**Aim of the exercise:**
The records are to be copied from the line that contains "ps:起手留水晶学和污手党,然后就是bu" through their last line, word for word, with every picture left out.

Extracted records:
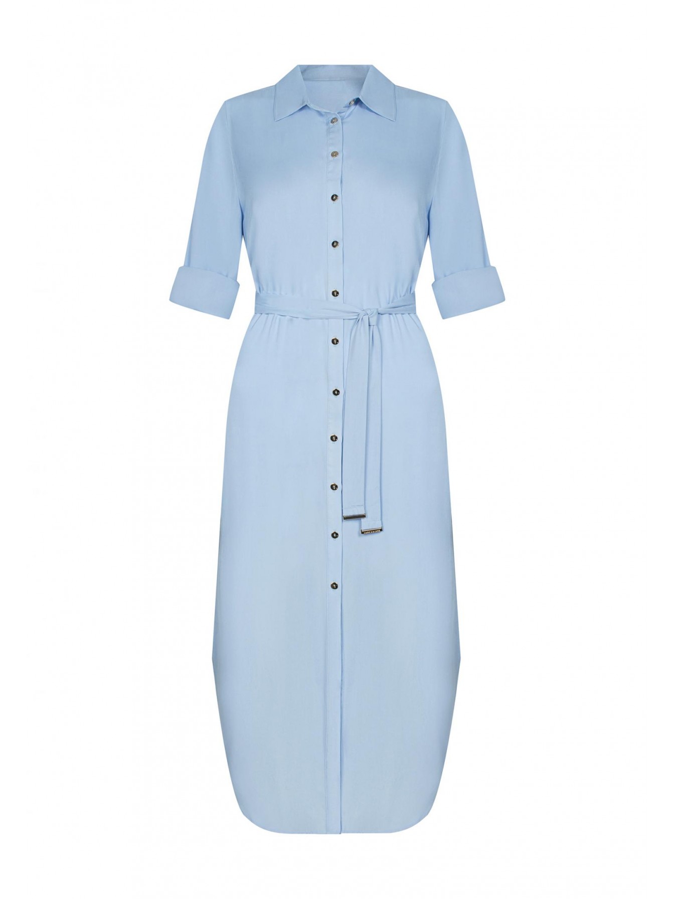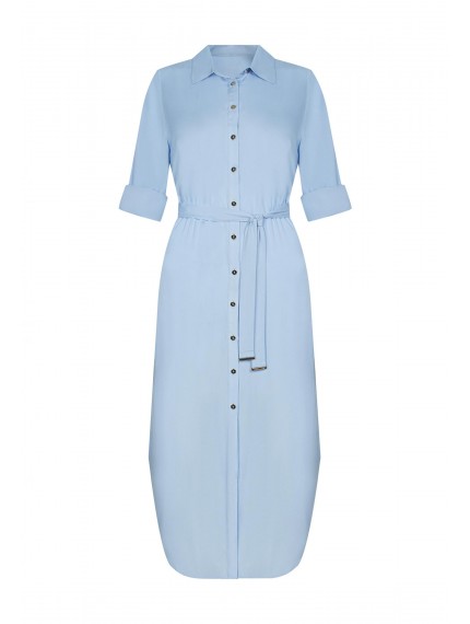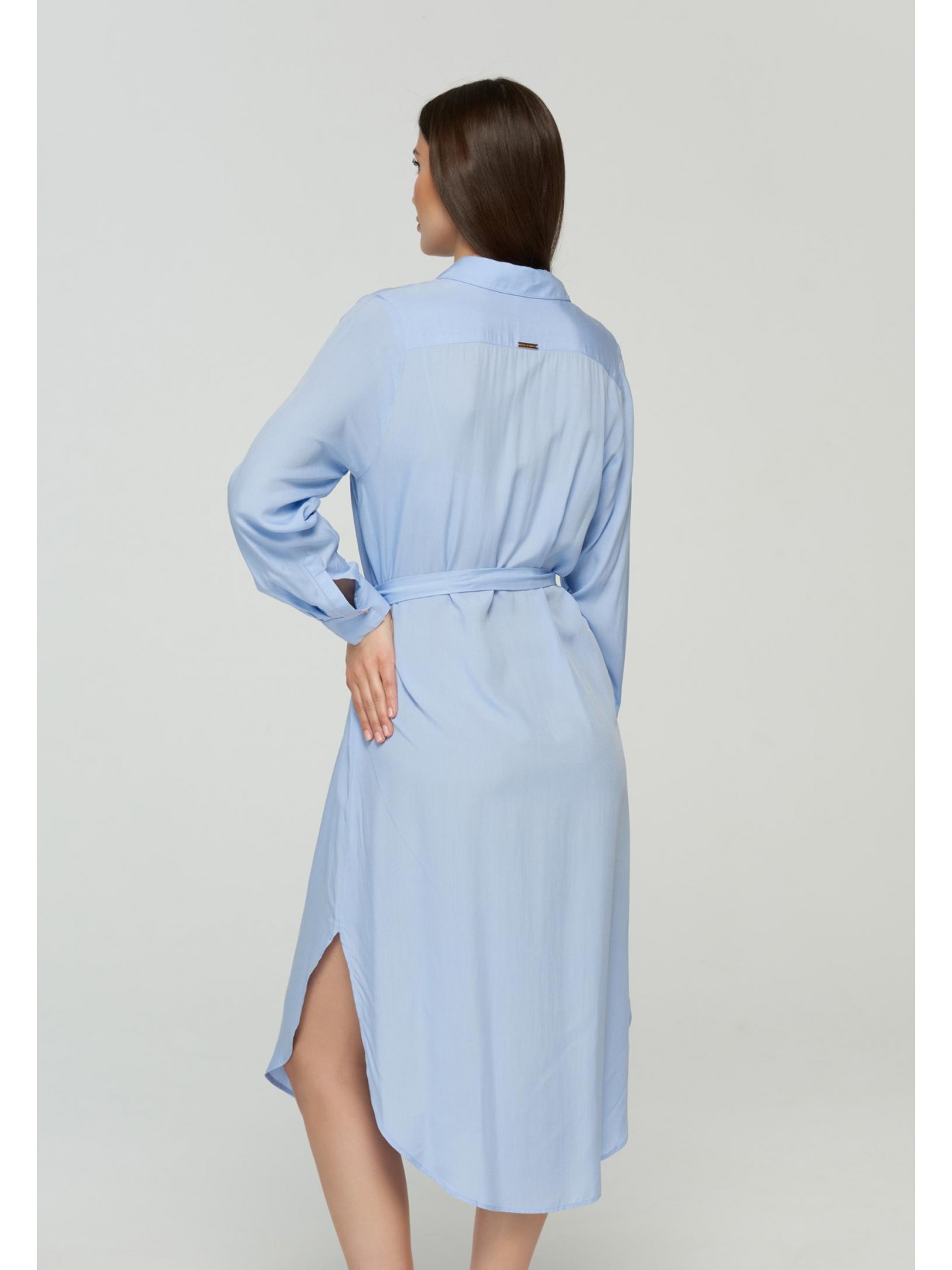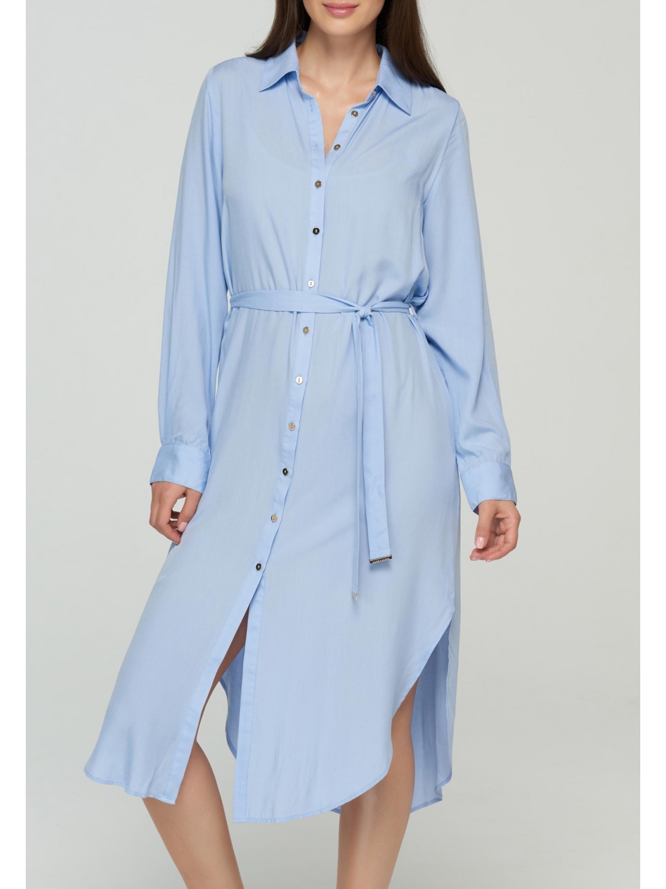 Платье-рубашка прямого кроя с застежкой на пуговицах. Съемный пояс. Длина ниже уровня колен. Карманы в боковых швах. Длина рукава регулируется патой с застежкой.
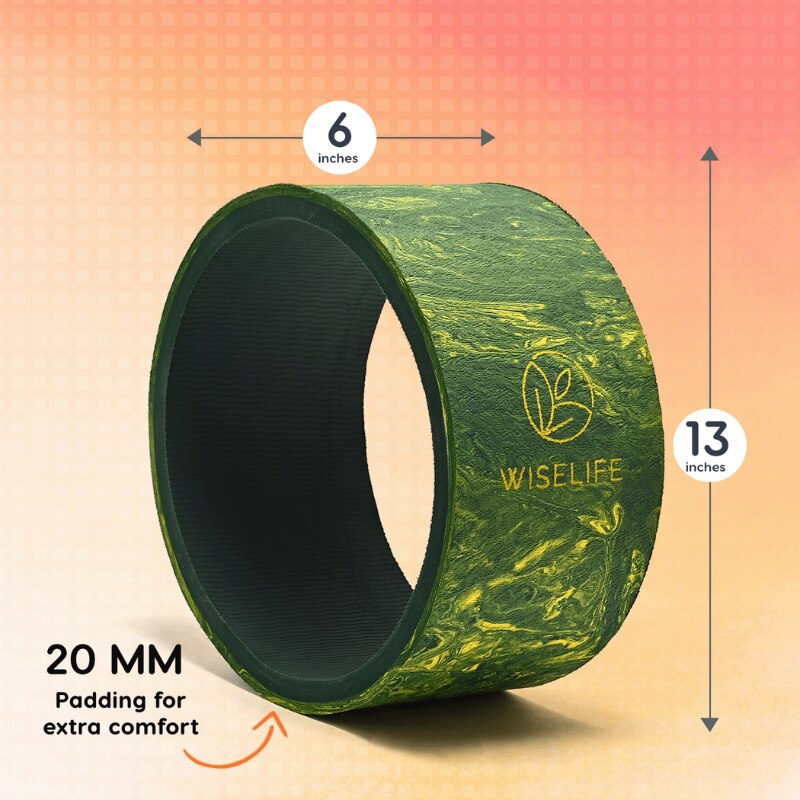 SIMPLE AND EFFECTIVE LASTING BACK PAIN RELIEF: Wiselife yoga back wheel is designed for everyday people who suffer from chronic back pain. Use it to help relieve myofascial pain and muscle tension along the spine in your upper back, lower back and neck. IMPROVE YOGA POSTURES - Wiselife offfers best back bend and stretching equipment you could have, our yoga wheel will open you for whole new range of exercises. SUPERIOR CONSTRUCTION: Yoga Wheel is made of high-quality, durable material. It's sturdy, safe and comfortable. SIZE: 13 x 6.5 inch is the perfect size for back support, stability in balance poses and easy carrying. SWEAT RESISTANT: Thanks to its superior padding, which gives moisture free accumulation, the texture makes it slip resistance and also does not retain unpleasant scents
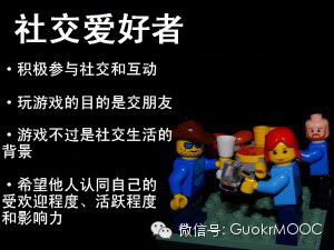 我的学生们大部分是社交爱好者,他们强烈希望与其他同学建立有意义的联系。在游戏世界中,社交爱好者通常是一座桥梁,他们似乎认识所有的玩家,有助于形成小团体。社交爱好者形成的小团体是志同道合的玩家群体,当某个游戏变得索然无味,社交爱好者只会换一个游戏玩,而保持小团体的完好。游戏不过是一个为聊天和互动设计的简单背景,聊天和互动才是真正吸引他们的东西。社交者用朋友数量或者关注人数来衡量自己的成就。我们又有多少人知道,对于学生来说,课堂只是他们的友谊和社交生活的背景?
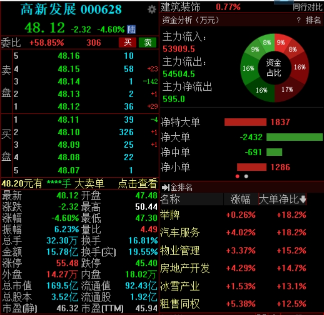 4月29日,高新发展大幅低开,截至发稿,该股跌超4%,报48.12元,换手率16.81%。
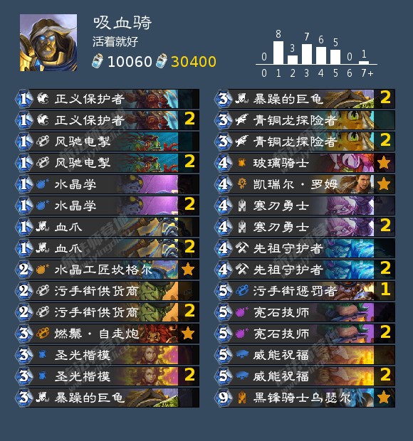 ps:起手留水晶学和污手党,然后就是buff和卖血,然后用吸血随从恢复。配合坎格尔回血翻倍。血爪和乌龟都是卖血卡,威能祝福也是,给对手随从贴身,血就可以哗啦啦地掉了,带着武器时自己也可以直接撞上去卖血。
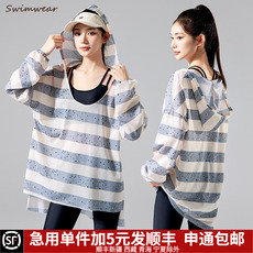 泳衣女分体三件套女长袖连帽罩衫微胖保守宽松显瘦泡温泉连帽泳装
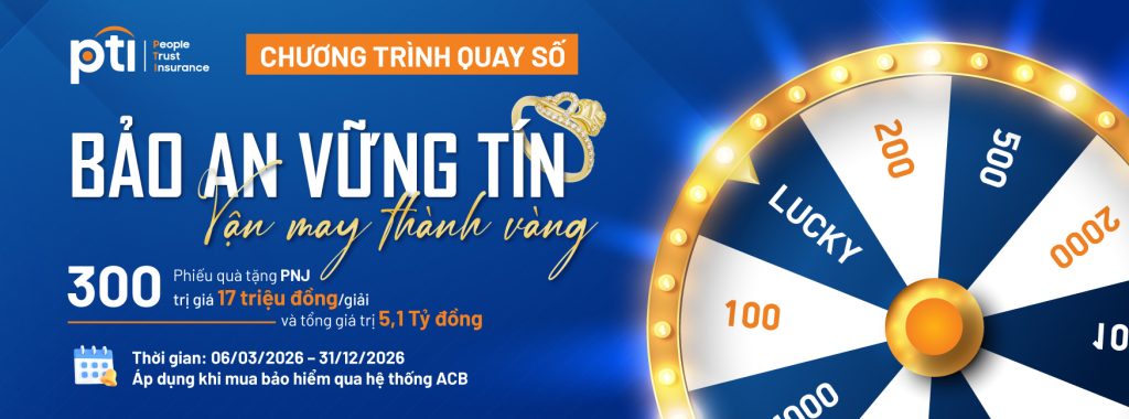 Sự tin tưởng của Quý khách chính là động lực để PTI và ACB không ngừng nâng cao chất lượng dịch vụ. Hãy tham gia ngay để nhận được sự bảo vệ vững chắc và đón nhận vận may thành vàng!Mọi thắc mắc xin vui lòng liên hệ Hotline 1900 54 54 75 hoặc truy cập https://www.pti.com.vn/

**Response area:**
 ps:起手留水晶学和污手党,然后就是buff和卖血,然后用吸血随从恢复。配合坎格尔回血翻倍。血爪和乌龟都是卖血卡,威能祝福也是,给对手随从贴身,血就可以哗啦啦地掉了,带着武器时自己也可以直接撞上去卖血。
 泳衣女分体三件套女长袖连帽罩衫微胖保守宽松显瘦泡温泉连帽泳装
 Sự tin tưởng của Quý khách chính là động lực để PTI và ACB không ngừng nâng cao chất lượng dịch vụ. Hãy tham gia ngay để nhận được sự bảo vệ vững chắc và đón nhận vận may thành vàng!Mọi thắc mắc xin vui lòng liên hệ Hotline 1900 54 54 75 hoặc truy cập https://www.pti.com.vn/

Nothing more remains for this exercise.